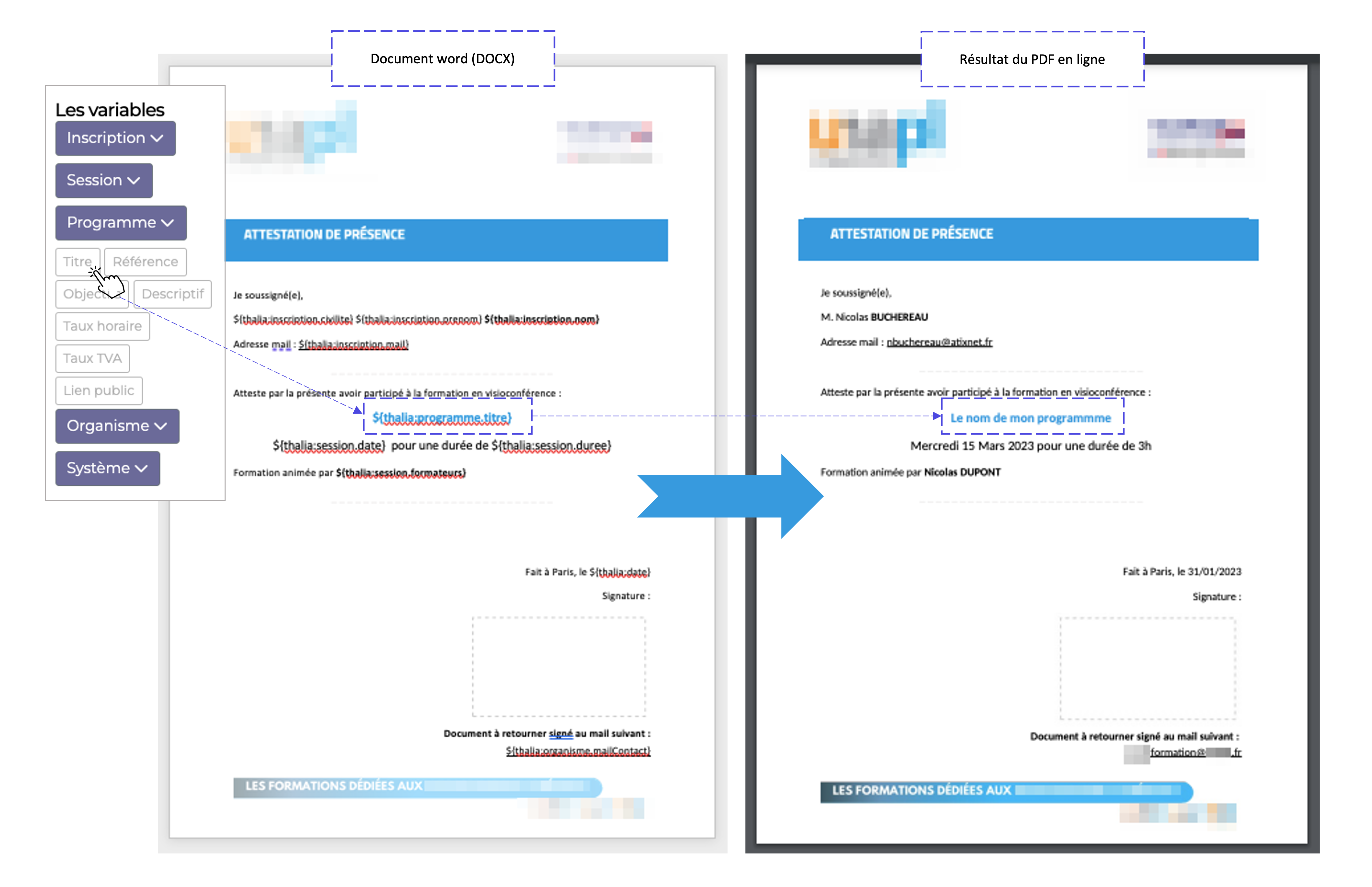 Le principe de document généré à la volée se base sur l'utilisation d'un document word au format DOCX injecté dans Thalia et utilisé dans un mail transactionnel contenant des informations dynamiques grâce aux 46 variables à votre disposition, mais aussi du texte, des images et une mise en page complexe.
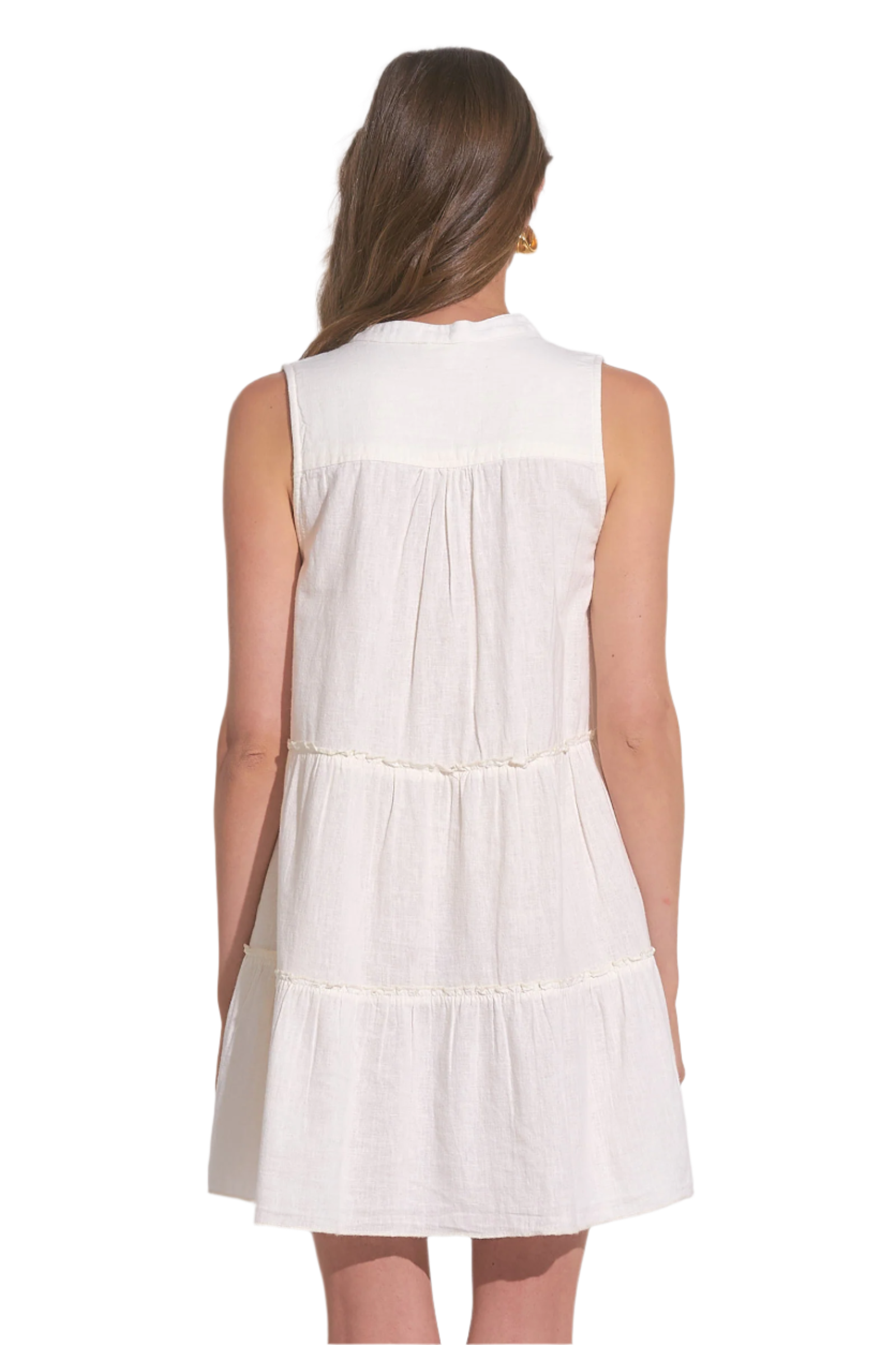 Elan Sleeveless Linen A-Line Short Dress - White
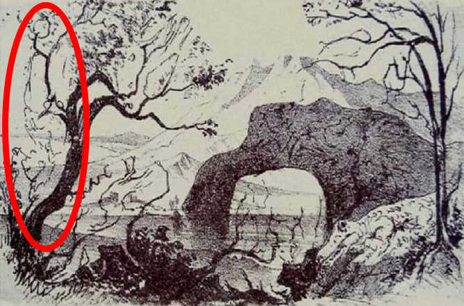 Laikas atskleisti paslaptį. Žmogaus siluetas yra paslėptas **kairėje** paveikslo pusėje. Tai nėra atskiras objektas, o tamsi medžio kamieno dalis, kuri sudaro žmogaus galvos ir veido profilį. Atrodo, lyg žmogus stovėtų atsiremęs į medį, o jo kontūrai susilieja su medžio raižu. Dažnai jį puikiai atskleidžia šviesesnė linija, primenanti pypkę, kurią jis laiko burnoje. Tai yra klasikinis kamufliažo ir figūros-fono santykio pavyzdys.
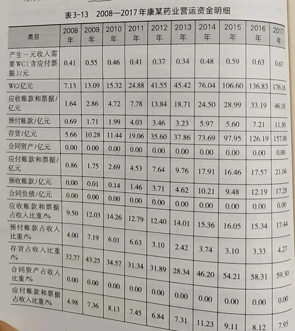 从表3-2中可以看到,扣非净利润/归母净利润10年合计98.73%,说明利润主要来自持续经营活动。经营净现金流始终为正,但与归母净利润之比较低,10年合计只有49.86%,说明利润转化为现金的能力弱,且2015-2017年的3年合计数据为38.78%,呈现恶化趋势。自由现金流表现不佳,10年合计-28.98亿元。说明10年间的收入利润大幅扩张并没有带来真实的现金流,生意模式不能内生自洽,说明康某药业的盈利质量不高。
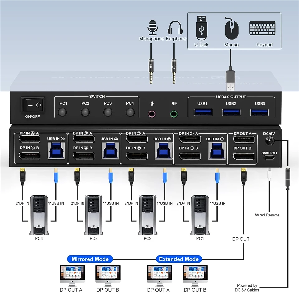 4 Port HDMI KVM USB 3.0 Switch 4X2 Dual Monitor 4K@60Hz Extended Display DP KVM Switch 4 In 2 Out for 4 PC Share Keyboard Mouse
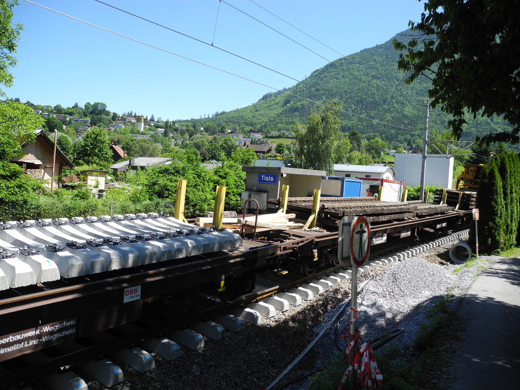 Schienenumbauzug in Aktion
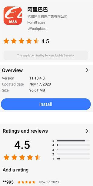 About the 1688 APP, it just has the Chinese version, and canāt be translated into the English version. So it appears nonsense to you, although you can download it from the app stores.
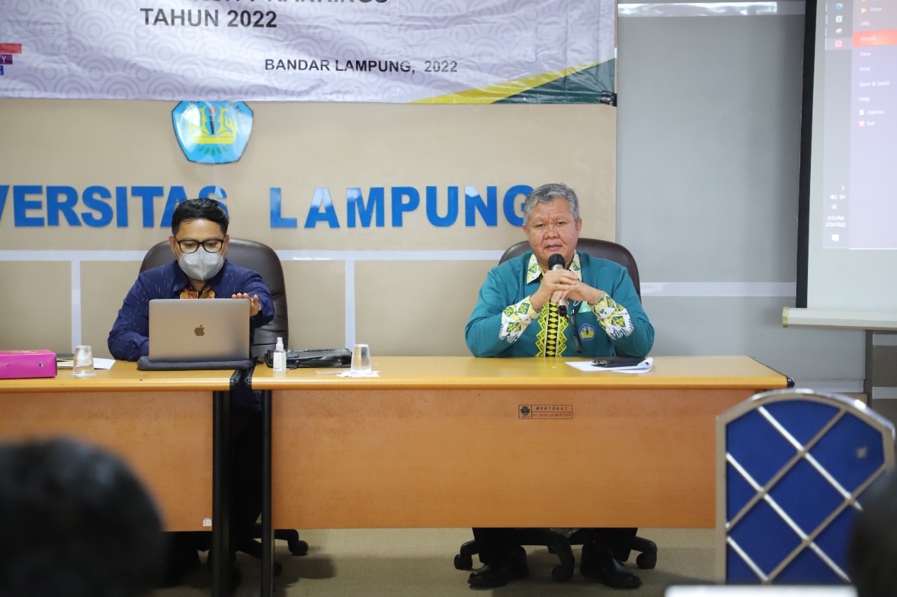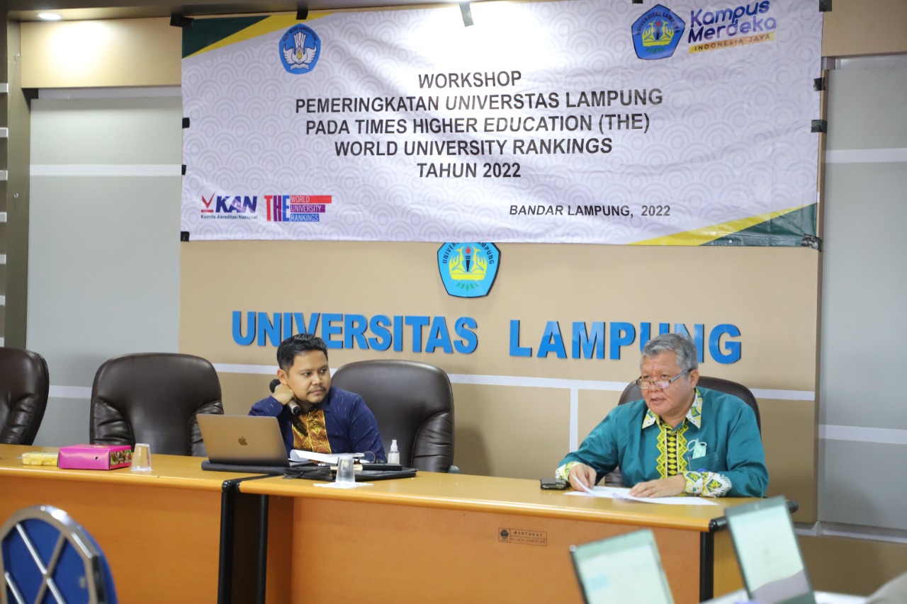 (Unila): Wakil Rektor Bidang Perencanaan, Kerja Sama, dan TIK Universitas Lampung (Unila) Prof. Ir. Suharso, Ph.D., secara resmi mengirimkan hasil pengisian borang Times Higher Education (THE) Tahun 2022.
_ _ _ _
> [Task instructions]:
The expected output is every entry, retyped exactly, with all pictures removed.

> [Completed exercise]:
 Le principe de document généré à la volée se base sur l'utilisation d'un document word au format DOCX injecté dans Thalia et utilisé dans un mail transactionnel contenant des informations dynamiques grâce aux 46 variables à votre disposition, mais aussi du texte, des images et une mise en page complexe.
 Elan Sleeveless Linen A-Line Short Dress - White
 Laikas atskleisti paslaptį. Žmogaus siluetas yra paslėptas **kairėje** paveikslo pusėje. Tai nėra atskiras objektas, o tamsi medžio kamieno dalis, kuri sudaro žmogaus galvos ir veido profilį. Atrodo, lyg žmogus stovėtų atsiremęs į medį, o jo kontūrai susilieja su medžio raižu. Dažnai jį puikiai atskleidžia šviesesnė linija, primenanti pypkę, kurią jis laiko burnoje. Tai yra klasikinis kamufliažo ir figūros-fono santykio pavyzdys.
 从表3-2中可以看到,扣非净利润/归母净利润10年合计98.73%,说明利润主要来自持续经营活动。经营净现金流始终为正,但与归母净利润之比较低,10年合计只有49.86%,说明利润转化为现金的能力弱,且2015-2017年的3年合计数据为38.78%,呈现恶化趋势。自由现金流表现不佳,10年合计-28.98亿元。说明10年间的收入利润大幅扩张并没有带来真实的现金流,生意模式不能内生自洽,说明康某药业的盈利质量不高。
 4 Port HDMI KVM USB 3.0 Switch 4X2 Dual Monitor 4K@60Hz Extended Display DP KVM Switch 4 In 2 Out for 4 PC Share Keyboard Mouse
 Schienenumbauzug in Aktion
 About the 1688 APP, it just has the Chinese version, and canāt be translated into the English version. So it appears nonsense to you, although you can download it from the app stores.
 (Unila): Wakil Rektor Bidang Perencanaan, Kerja Sama, dan TIK Universitas Lampung (Unila) Prof. Ir. Suharso, Ph.D., secara resmi mengirimkan hasil pengisian borang Times Higher Education (THE) Tahun 2022.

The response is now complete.